During my divorce, with help, I came to completely understand the mechanics behind what drives us and why. There are many things that came to light in which I had a rosy picture painted. Once I pulled those rose tinted glasses off, my past turned into exactly what it was. What I mean is as one example, when my father passed away I had so much unresolved anger with him I no longer had an opportunity to heal. Thus, I painted a picture in my mind that my father was the best person a growing boy could ever have. He was there for me, gave me advice, was concerned with who I was, went to my sporting events, supported my decisions, etc. None of this was true, just a construct in my mind I had built to prevent me from dealing with the pain.
This is what we as human beings do. When our chances of healing relationships with others are gone, due to death, we built a beautiful picture immortalizing these people as saints. It’s easier to do this rather than deal with our sorrows buried deep in our chest. We feel these sorrows come up from time to time and paint it over with a pile of manure.

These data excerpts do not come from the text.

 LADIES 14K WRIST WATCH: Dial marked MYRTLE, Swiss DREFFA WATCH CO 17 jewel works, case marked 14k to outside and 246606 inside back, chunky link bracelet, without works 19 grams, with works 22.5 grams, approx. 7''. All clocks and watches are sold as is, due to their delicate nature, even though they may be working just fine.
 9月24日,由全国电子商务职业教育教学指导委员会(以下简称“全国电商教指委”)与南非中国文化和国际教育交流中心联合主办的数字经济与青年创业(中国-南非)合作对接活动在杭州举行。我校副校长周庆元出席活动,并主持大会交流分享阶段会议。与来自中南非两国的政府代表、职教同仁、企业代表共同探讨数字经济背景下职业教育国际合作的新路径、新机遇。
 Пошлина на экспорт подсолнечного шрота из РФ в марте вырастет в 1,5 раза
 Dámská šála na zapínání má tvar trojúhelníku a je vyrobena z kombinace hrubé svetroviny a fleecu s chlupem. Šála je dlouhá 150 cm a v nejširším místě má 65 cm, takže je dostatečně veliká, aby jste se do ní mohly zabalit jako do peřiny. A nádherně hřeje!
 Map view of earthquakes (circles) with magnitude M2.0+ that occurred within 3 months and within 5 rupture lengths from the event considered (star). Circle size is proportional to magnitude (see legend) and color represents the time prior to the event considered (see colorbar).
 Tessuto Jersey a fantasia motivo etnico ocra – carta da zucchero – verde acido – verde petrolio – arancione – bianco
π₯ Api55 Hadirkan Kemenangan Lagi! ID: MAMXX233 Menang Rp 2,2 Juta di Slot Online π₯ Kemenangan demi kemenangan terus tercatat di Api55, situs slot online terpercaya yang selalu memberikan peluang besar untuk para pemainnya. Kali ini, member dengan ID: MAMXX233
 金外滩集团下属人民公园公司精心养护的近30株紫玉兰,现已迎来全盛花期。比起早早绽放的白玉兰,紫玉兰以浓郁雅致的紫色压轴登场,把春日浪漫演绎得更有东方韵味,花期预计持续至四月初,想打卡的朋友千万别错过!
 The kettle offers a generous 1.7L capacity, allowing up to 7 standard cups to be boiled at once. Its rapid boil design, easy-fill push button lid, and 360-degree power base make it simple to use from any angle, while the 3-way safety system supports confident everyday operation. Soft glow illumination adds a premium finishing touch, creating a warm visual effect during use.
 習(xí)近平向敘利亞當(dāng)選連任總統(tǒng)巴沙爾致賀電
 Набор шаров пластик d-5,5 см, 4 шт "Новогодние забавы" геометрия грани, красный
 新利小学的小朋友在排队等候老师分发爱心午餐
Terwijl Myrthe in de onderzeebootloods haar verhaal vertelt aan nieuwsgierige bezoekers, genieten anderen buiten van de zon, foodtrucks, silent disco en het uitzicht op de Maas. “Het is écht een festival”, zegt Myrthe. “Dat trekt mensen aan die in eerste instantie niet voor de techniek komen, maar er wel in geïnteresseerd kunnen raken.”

My intentions from here on.
From here on, I hope to explain my journey of dumping my rocks and unloading my own personal sack. I am still working on it and describe it as most of my cancers have been excised but now I am left with tubes extruding from my psyche draining the remaining infection. It has been elating, painful, said, happy, and angering all at once. It has been nearly a year of dealing with all these emotions and understanding why I have been living the life I have been living and I still feel like I am at the beginning sometimes. This journey is not easy, I will never say it is, but the day you are aware of why you behave the way you do, your life will look like a wonderful possibility that will begin to unfold before your eyes.
Letting go is hard. Learning to forgive, love yourself, and trust yourself is hard. Hopefully my experiences will motivate others to start the journey I have and become your own tools to unloading your bag of rocks.
FYI… This all started from my journey into the spiritual realms and how I now fully understanding so many things about our world and reality that has been unfolding before my eyes for several months now. Which I will be describing as well. Welcome to my experience, I truly hope it helps you as much as it has helped me.
Promise this time, there is more to come… regularly.